For that purpose, we're going to build a model comprised of a transformer and dense layers. What is special about transformers is that they utilize an attention mechanism that allows the model to focus on the most relevant parts of the input sequence when processing information.
We will follow the standard ML model-building process - split data into training and test sets, construct the model, run training, and report metrics.
# Required packages
# !pip install -U jax flax optax
# !pip install -U grain tqdm requests matplotlib
Here's a list of key packages we will use in this example that belong to JAX AI stack:
import io
import json
import textwrap
import typing
import jax
import jax.numpy as jnp
from flax import nnx
import optax
import grain.python as grain
import tqdm
import matplotlib.pyplot as plt
import numpy as np
import requests
We're going to use IMDB dataset. Each review is encoded as a list of word indexes, where words are indexed by the frequency. The label is a positive or negative sentiment (0 or 1).

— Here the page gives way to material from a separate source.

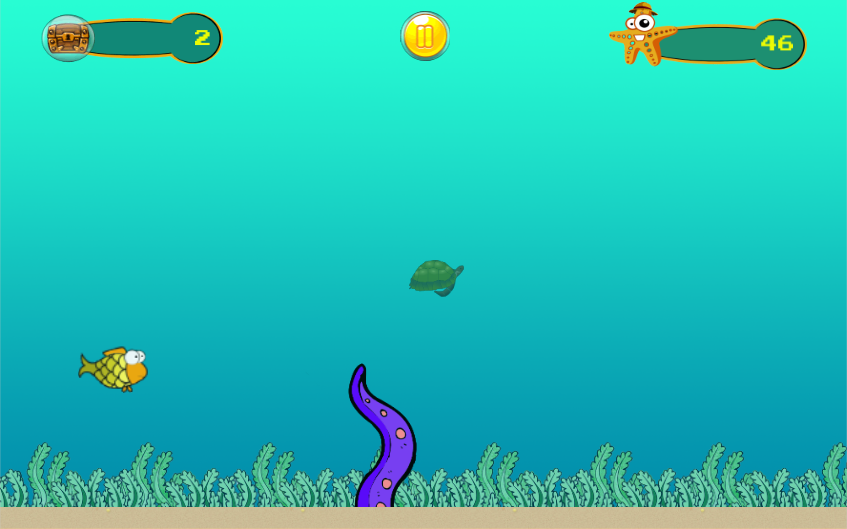 Goldie fish es un juego divertido donde en nuestra aventura nuestro protagonista tiene que ir sorteando los obstaculos cada vez con mas dificultad, donde acumularemos un score y unos cofres que seran nuestra moneda para cambiar por oportunidades en la maquina de la suerte "jackpot" donde ganaremos premios en dinero real y tambien personajes que estaran en las peceras 24 horas y luego nos daran mas cofres para seguir intentando ganar mas dinero.

def prepare_imdb_dataset(num_words: int, index_from: int, oov_char: int = 2) -> tuple:
response = requests.get("https://storage.googleapis.com/tensorflow/tf-keras-datasets/imdb.npz")
response.raise_for_status()
with np.load(io.BytesIO(response.content), allow_pickle=True) as f:
x_train, y_train = f["x_train"], f["y_train"]
x_test, y_test = f["x_test"], f["y_test"]
rng = np.random.RandomState(113)
indices = np.arange(len(x_train))
rng.shuffle(indices)
x_train = x_train[indices]
y_train = y_train[indices]
indices = np.arange(len(x_test))
rng.shuffle(indices)
x_test = x_test[indices]
y_test = y_test[indices]
x_train = [[w + index_from for w in x] for x in x_train]
x_test = [[w + index_from for w in x] for x in x_test]
xs = x_train + x_test
labels = np.concatenate([y_train, y_test])
xs = [
[w if w < num_words else oov_char for w in x] for x in xs
]
idx = len(x_train)
x_train, y_train = np.array(xs[:idx], dtype="object"), labels[:idx]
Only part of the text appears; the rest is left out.